The place of the modelling axis within the IMAGINE team is located upstream of the therapeutic act. More specifically, the research area of this axis concerns the study of the control / shape / function relationship within the neuro-musculoskeletal system (NMS) in order to support therapeutic decision-making and the evaluation of therapies. The starting point of this axis is the acquisition of multimodal spatial and temporal data and the corresponding processing methods. In a second step, we aim at developing new 3D+t modelling techniques in a patient-specific approach to support therapeutic decision-making.
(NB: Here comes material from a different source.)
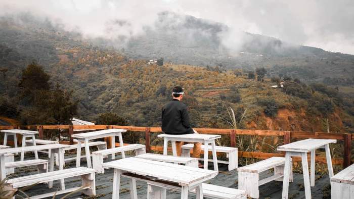 spotnya sendiri bertema alam yang menawarkan suasana perbukitan dan di bagian bawah terdapat tempat duduk berwarna putih berjejer rapi yang siap kamu datangi.

The neuro-musculoskeletal system (NMS) is defined as the set of organs involved in the production of motor skills, movement, and thus function (walking, running, catching, etc.). It therefore includes the neurological system at the origin of motor skills (brain, spinal cord, nerve, etc.) and on a more "peripheral" level the musculoskeletal system (bones, joints, cartilage, muscles, tendons, etc.). It is original, but natural, to think of this device leading to movement and function as an indivisible whole on a physiological and theoretical level. This vision is directly related to the reality of patients with so-called "neuro-orthopedic" pathologies (Cerebral Vascular Accident, Head Injury, Cerebral Palsy, etc.) but also to the health problems presented by patients with only one NMS system disease such as purely muscular (myopathy) or orthopedic (hip or shoulder arthritis) diseases. Lesions in the NMS system are varied: central lesions (motor control disorders, hypo or even hyper activation of muscles,...), muscular disorders (atrophy, fibrosis and muscle retraction), lesions of the skeletal system (bone and joint deformities, arthrosis, cartilage). They all have the same consequence: an impairment of the motor function. The complexity of these lesions requires a stage of pathophysiological understanding at the level of the pathology but especially at the level of the individual for whom a therapeutic decision (rehabilitation, surgery) must be taken. For example, equinus gait (i.e. on tiptoe), one of the most common walking disorders in stroke or cerebral palsy, gradually induces a disorder of the bone shape of the ankle/foot complex and a retraction of the triceps muscle which in turn induces a more pronounced walking disorder. Restoring a physiological gait involves understanding the musculoskeletal shape (imaging), function (motion analysis) and motor control (peripheral EMG). This combination of signals allows the links between motor control, 3D anatomical/geometric shape and 3D motion/product function to be finely explored.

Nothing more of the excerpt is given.